The expected answer is a verbatim transcription of the lines below, beginning with the first and ending with the line that holds "The wreathed Polizeiadler", without pictures.

::: Dataset extract

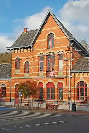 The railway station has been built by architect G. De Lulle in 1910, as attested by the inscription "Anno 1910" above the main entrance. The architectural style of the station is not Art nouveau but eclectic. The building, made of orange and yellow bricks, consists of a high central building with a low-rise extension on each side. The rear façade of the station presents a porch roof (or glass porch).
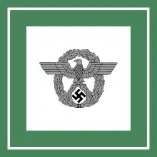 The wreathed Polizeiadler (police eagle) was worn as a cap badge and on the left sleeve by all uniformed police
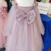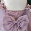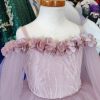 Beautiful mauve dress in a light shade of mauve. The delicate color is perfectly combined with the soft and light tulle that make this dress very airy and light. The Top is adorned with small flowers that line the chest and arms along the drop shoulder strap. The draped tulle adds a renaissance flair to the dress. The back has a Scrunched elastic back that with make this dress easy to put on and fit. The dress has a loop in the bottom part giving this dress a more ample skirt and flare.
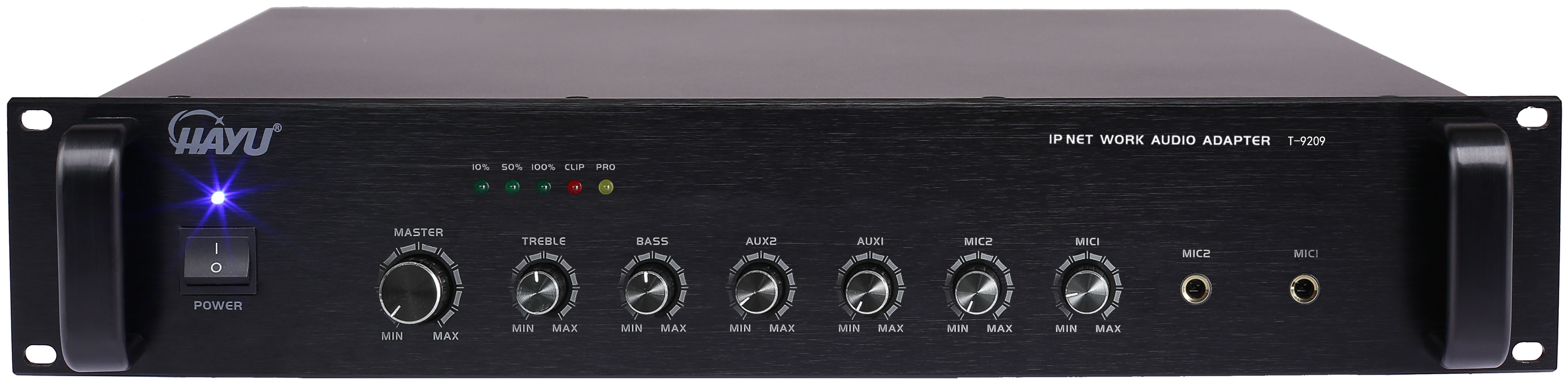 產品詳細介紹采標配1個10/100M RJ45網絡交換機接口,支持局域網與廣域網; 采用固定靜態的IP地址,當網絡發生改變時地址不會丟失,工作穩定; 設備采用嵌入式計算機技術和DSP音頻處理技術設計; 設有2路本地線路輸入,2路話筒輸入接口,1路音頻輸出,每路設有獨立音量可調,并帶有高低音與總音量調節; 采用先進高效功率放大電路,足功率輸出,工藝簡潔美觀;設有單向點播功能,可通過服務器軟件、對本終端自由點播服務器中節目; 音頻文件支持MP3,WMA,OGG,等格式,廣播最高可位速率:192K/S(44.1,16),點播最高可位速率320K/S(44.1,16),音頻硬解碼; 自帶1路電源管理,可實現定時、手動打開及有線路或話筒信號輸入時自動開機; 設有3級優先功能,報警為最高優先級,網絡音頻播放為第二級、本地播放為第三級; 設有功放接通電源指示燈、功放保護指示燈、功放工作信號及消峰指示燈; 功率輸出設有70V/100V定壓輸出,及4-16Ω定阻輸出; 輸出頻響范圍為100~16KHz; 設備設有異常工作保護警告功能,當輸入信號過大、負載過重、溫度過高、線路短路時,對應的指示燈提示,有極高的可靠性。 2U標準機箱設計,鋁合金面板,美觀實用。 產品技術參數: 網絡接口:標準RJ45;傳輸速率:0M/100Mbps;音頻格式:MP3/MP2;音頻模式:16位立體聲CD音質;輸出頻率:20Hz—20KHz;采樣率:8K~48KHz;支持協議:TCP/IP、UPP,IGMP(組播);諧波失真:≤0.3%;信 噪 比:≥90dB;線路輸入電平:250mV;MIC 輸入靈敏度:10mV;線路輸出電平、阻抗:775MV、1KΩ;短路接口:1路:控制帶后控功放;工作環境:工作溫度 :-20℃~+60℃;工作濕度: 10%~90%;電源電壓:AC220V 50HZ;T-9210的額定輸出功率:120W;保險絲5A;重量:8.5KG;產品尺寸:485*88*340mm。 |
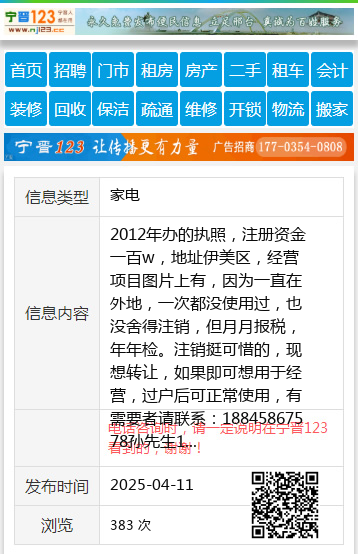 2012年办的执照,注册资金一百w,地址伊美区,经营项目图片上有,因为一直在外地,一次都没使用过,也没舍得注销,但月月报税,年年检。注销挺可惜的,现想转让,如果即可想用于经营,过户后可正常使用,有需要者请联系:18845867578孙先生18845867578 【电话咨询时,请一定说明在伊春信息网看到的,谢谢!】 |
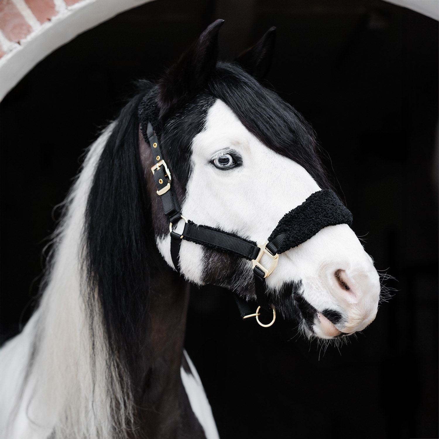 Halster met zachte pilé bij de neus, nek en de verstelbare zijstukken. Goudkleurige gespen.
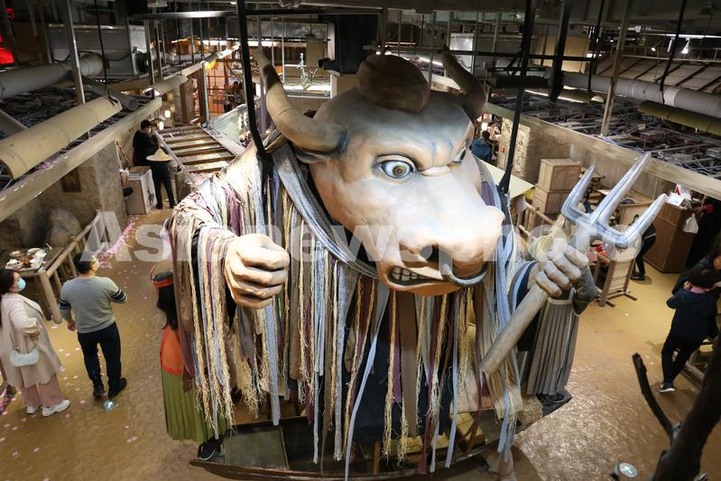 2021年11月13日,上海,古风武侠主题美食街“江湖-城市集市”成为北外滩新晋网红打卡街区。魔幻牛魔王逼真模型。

::::::

*Response for this exercise*:
 The railway station has been built by architect G. De Lulle in 1910, as attested by the inscription "Anno 1910" above the main entrance. The architectural style of the station is not Art nouveau but eclectic. The building, made of orange and yellow bricks, consists of a high central building with a low-rise extension on each side. The rear façade of the station presents a porch roof (or glass porch).
 The wreathed Polizeiadler (police eagle) was worn as a cap badge and on the left sleeve by all uniformed police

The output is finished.